Off the court, you would experience a more laid back Emily. She is also a positive person, always giving credit to the team for her success and reiterating her drive to get better for the next game.
Engstler has shown glimpses of an elite college basketball player over the last few years. Heading into the 2020-21 season, assuming it happens, Engstler has the tools to make her argument for All-Conference team in the most competitive women’s basketball conference: the Atlantic Coast Conference.
Before we get too far ahead of ourselves, let’s take a look at Emily’s resume:
Engstler was a five-star recruit with a scout grade of 98 coming out of St. Francis Prep High School. The New York City native received numerous awards in her high school days, including the 2018 New York State Gatorade Player of the Year and McDonald’s All-American. In just two years at St. Francis Prep, Engstler racked up over 900 points.
Coming into her freshman season in Central New York, Engstler was named to the ACC’s Preseason Newcomer List.
During her first year in the Orange and White, Engstler had flashes of powerful basketball. Her season-highs included 17 points, 11 rebounds, and four steals. She averaged 4.9 points and 4.5 rebounds in 14.3 minutes and tallied five double-digit scoring games. Overall, Engstler had a solid freshman year.

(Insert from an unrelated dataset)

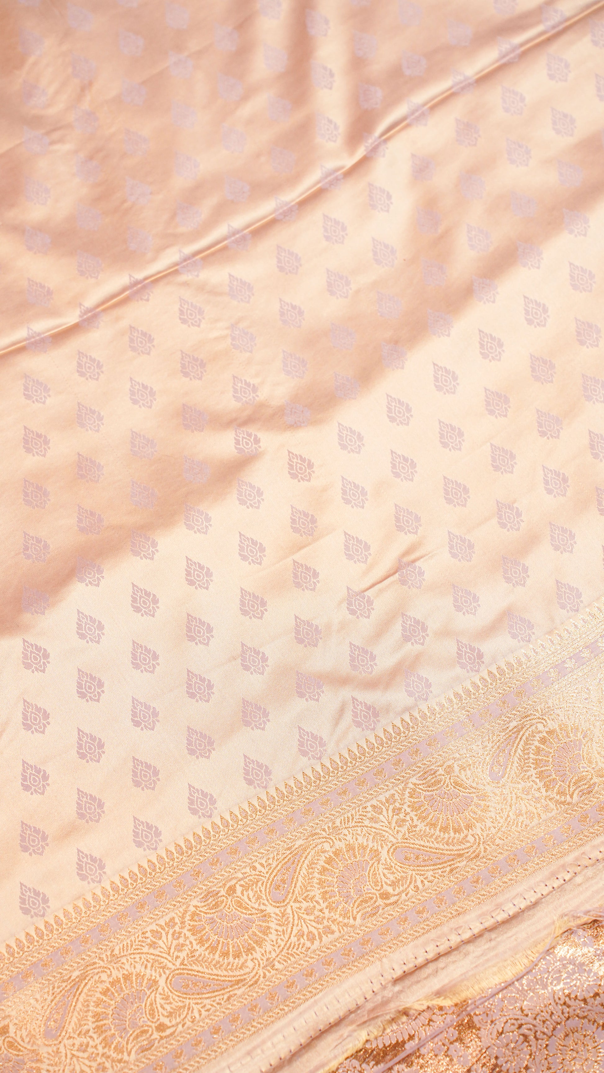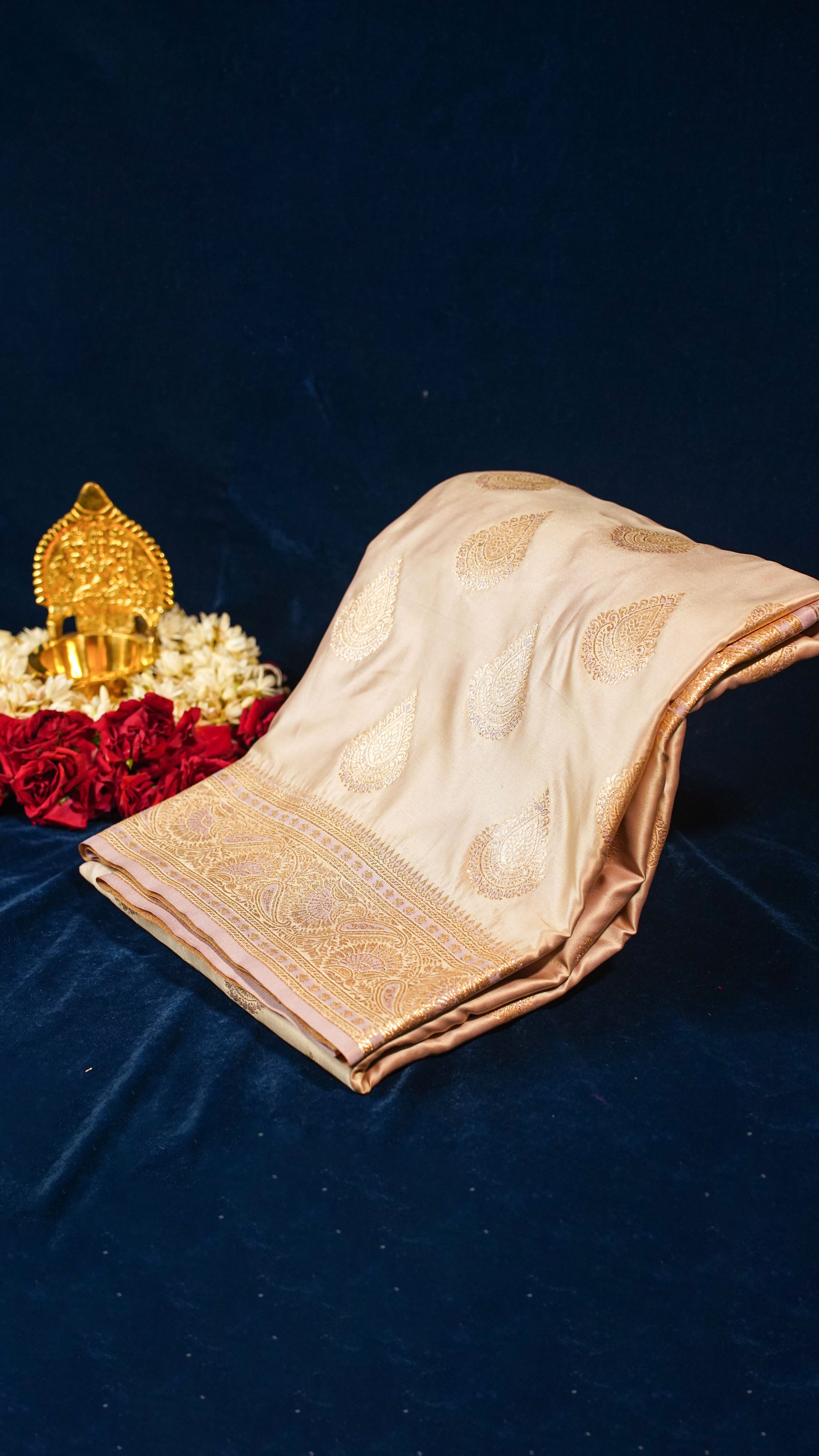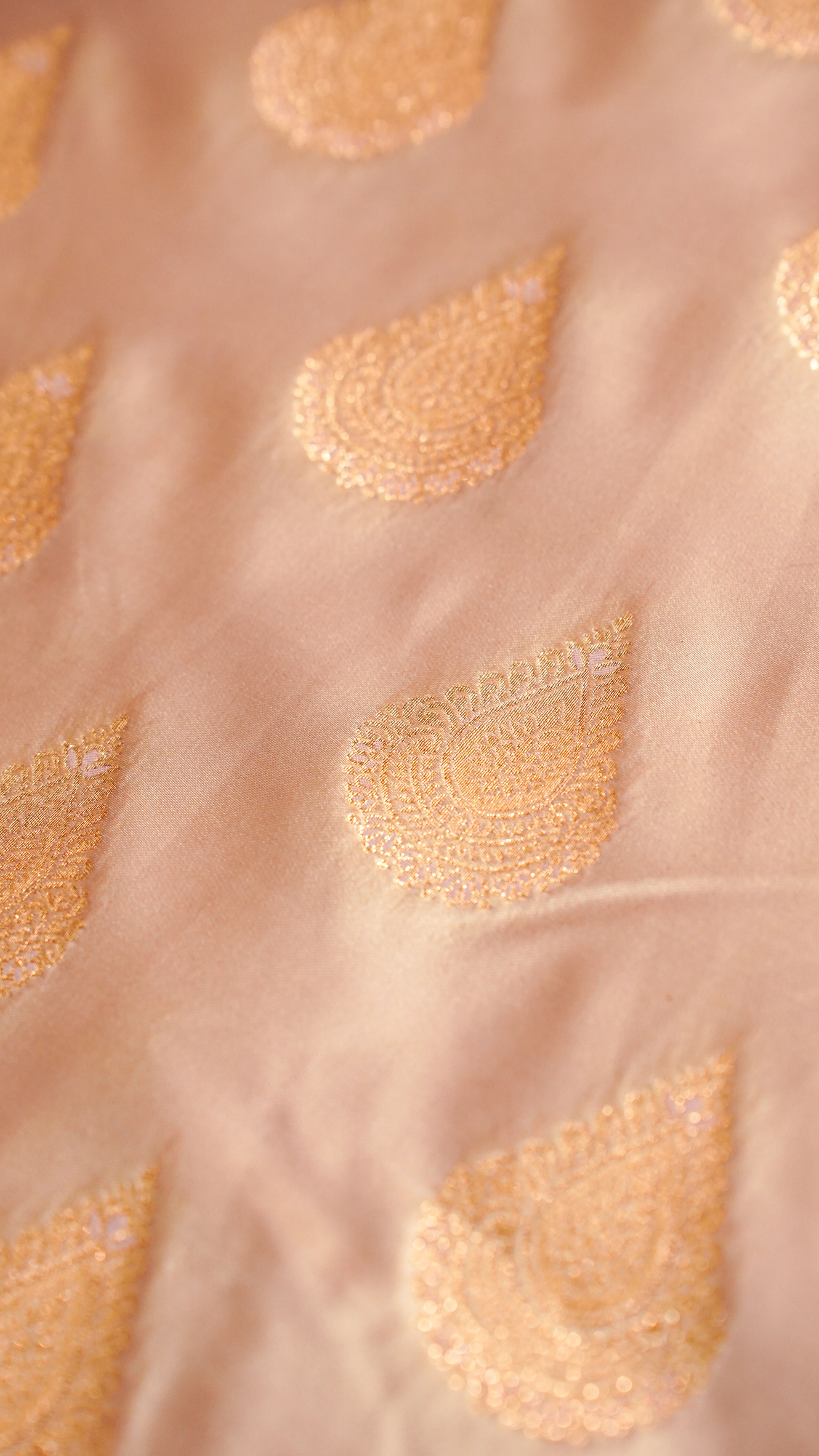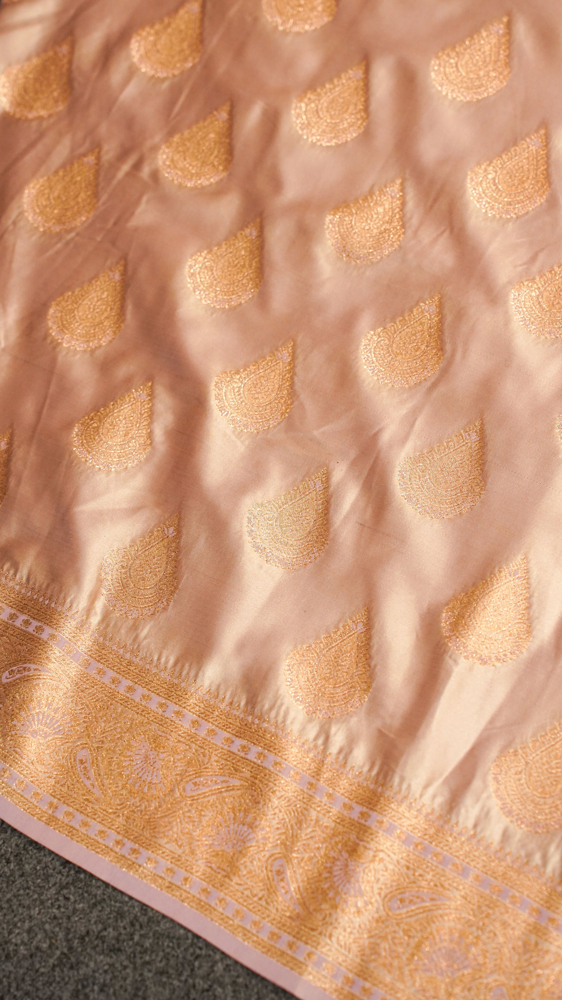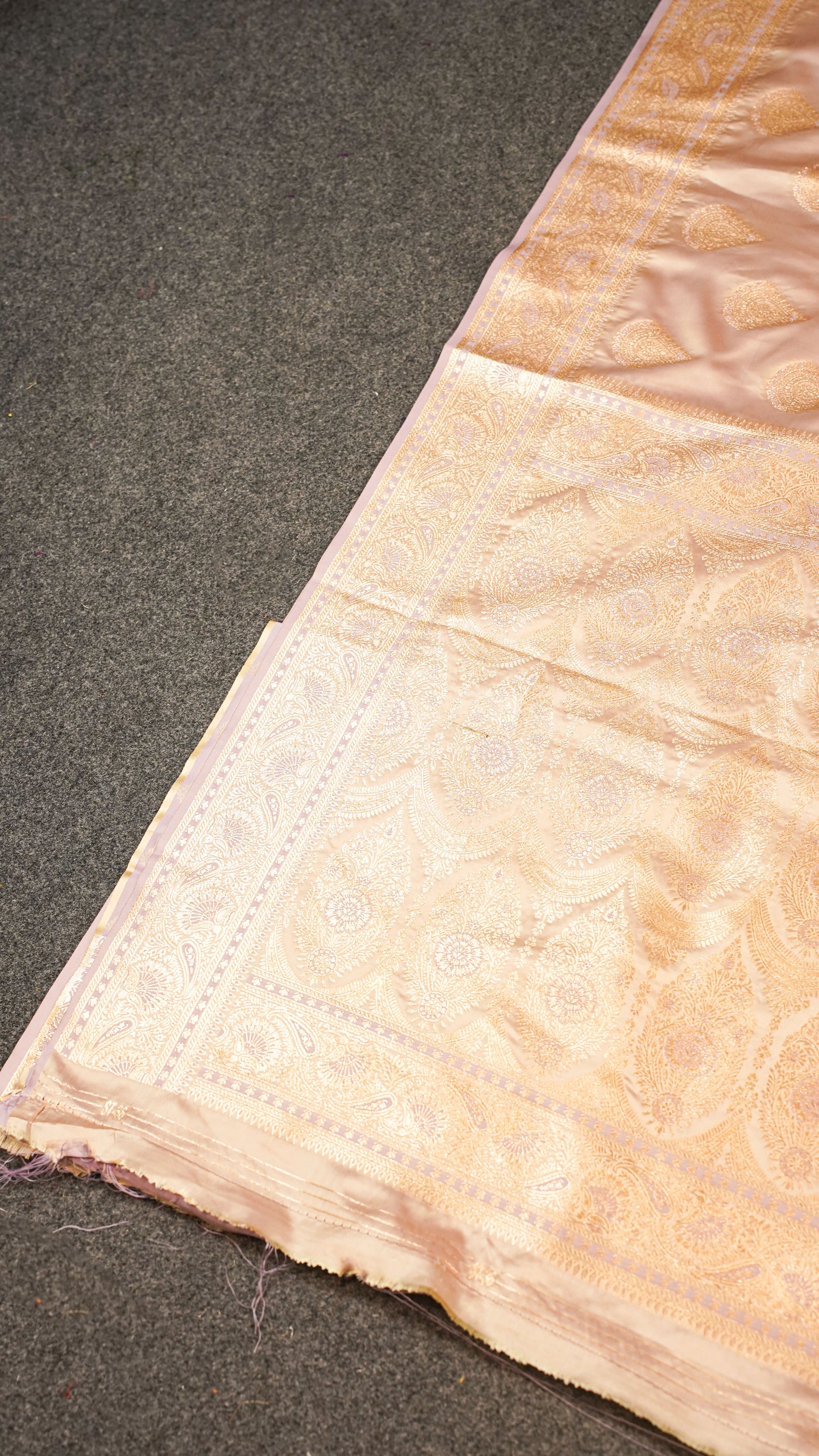 The subtle pastel pink hue adds a touch of sophistication, while the intricate Banarasi zari motifs woven in gold thread showcase timeless craftsmanship from the heart of Banaras. Lightweight yet rich in appearance, this saree is ideal for weddings, festive occasions, or graceful evening soirees.

The 2018-19 season was about finding where exactly Engstler fit in Coach Quentin Hillsman’s system. Engstler appeared in almost every match-up, but her minutes differed from game to game. Some days she would play the entire game, other times she would only make a brief appearance. It wouldn’t be until her sophomore campaign that Engstler found her place for the Orange.
Not only did Engstler find her role in Coach Q’s playbook, but she also earned a spot in his starting lineup. Engstler started all 31 games for Syracuse last season and averaged a near-double-double with 9.0 points and 9.2 rebounds in 29.3 minutes.
Engstler was a double-double machine in 2019-20, recording nine in points and rebounds.
Not only did Engstler lead the Orange in blocks (50/1.6 pg) and rebounds (286/9.2 pg), she was also ranked in the top five of the ACC in those categories. Engstler ranked third in the ACC in rebounds and fourth in blocks. Nationally, Engstler ranked 20th in defensive rebounds per game (7.2). She was one of just three sophomores ranked in the top 20 of that category.
Though she has improved from her freshman season, Engstler is still nowhere near the ceiling of her talent level. With an extended offseason due to COVID-19, Engstler has more time to train, recover, and prepare for next season.
Now in her third year in Central New York, I strongly believe Engstler is ready to make the jump from Syracuse star to ACC star. Engstler is a name everyone needs to write down, underline, circle, star, and highlight.
The Orange were ranked at No. 23 in ESPN.com’s way-too-early top-25 rankings for 2020-21. They were also predicted to be the sixth seed in the latest NCAA March Madness bracketology. Whatever number they are ranked and wherever they end up in March 2021, Emily Engstler is going to be a big part of that success.